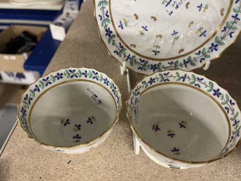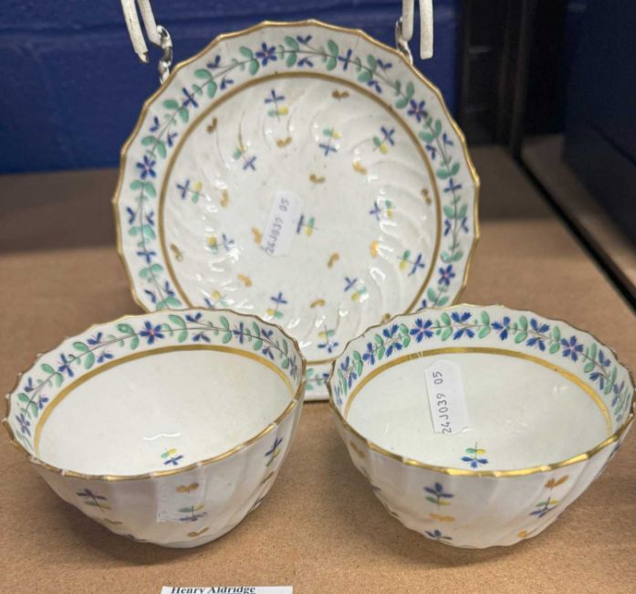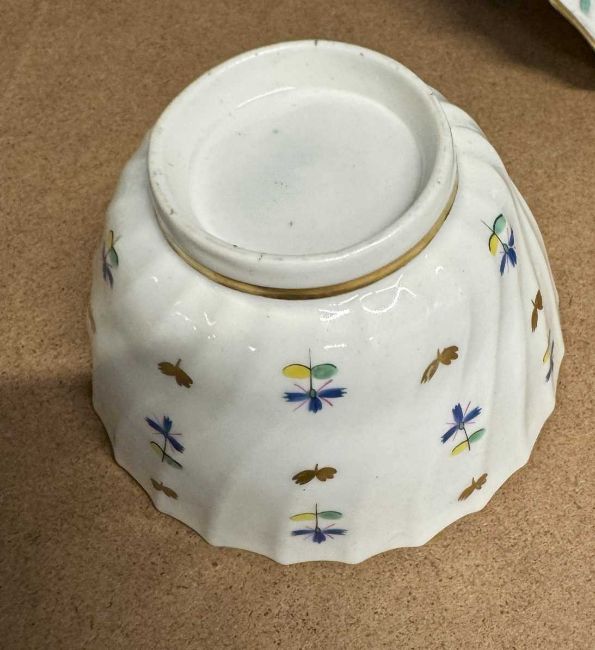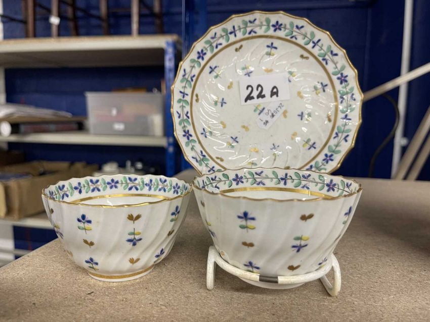 Decorative Arts: A late 18th C Flight Worcester tea bowl, with wrythen design and painted with a regular pattern of stylised flowers, 8.4cm, signed 'Flight' to the underside, together with a similar tea bowl, unsigned, and a single matching saucer.
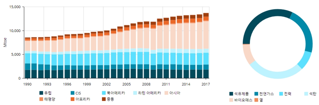 현재 전세계 에너지 소비의 80% 이상은 석유, 석탄, 천연가스 등의 화석연료에 의존하고 있으며, 그 실례로 그림 1에 전 세계 에너지 수요와 각 에너지원의 비율을 나타내었다 [1]. 화석연료의 매장량은 제한적인 반면에 신흥국을 중심으로 전 세계적인 에너지 수요는 지속적으로 증가하고 있고 또한, 화석연료 연소 시 발생하는 이산화탄소
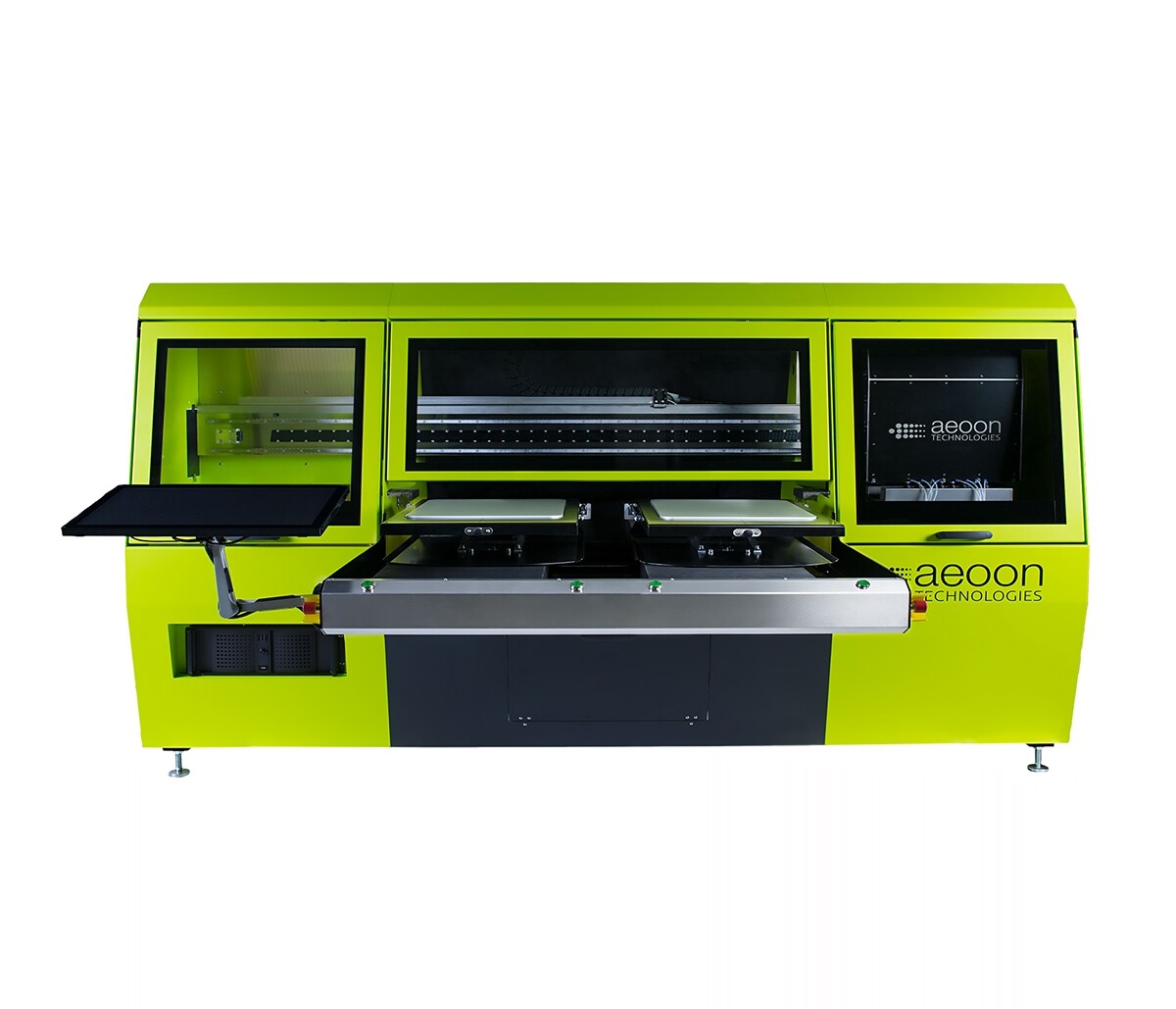 Ploter de impressão directa à peça, disponível com 4(CMYK) ou 8(CMYK duplo, CMYK + 4W) cabeças. 2 eixos com pratos até 50x70cm.

▸ **Work task**
Copy everything in the listing above exactly except the pictures.

▸ **Problem solution**
 Decorative Arts: A late 18th C Flight Worcester tea bowl, with wrythen design and painted with a regular pattern of stylised flowers, 8.4cm, signed 'Flight' to the underside, together with a similar tea bowl, unsigned, and a single matching saucer.
 현재 전세계 에너지 소비의 80% 이상은 석유, 석탄, 천연가스 등의 화석연료에 의존하고 있으며, 그 실례로 그림 1에 전 세계 에너지 수요와 각 에너지원의 비율을 나타내었다 [1]. 화석연료의 매장량은 제한적인 반면에 신흥국을 중심으로 전 세계적인 에너지 수요는 지속적으로 증가하고 있고 또한, 화석연료 연소 시 발생하는 이산화탄소
 Ploter de impressão directa à peça, disponível com 4(CMYK) ou 8(CMYK duplo, CMYK + 4W) cabeças. 2 eixos com pratos até 50x70cm.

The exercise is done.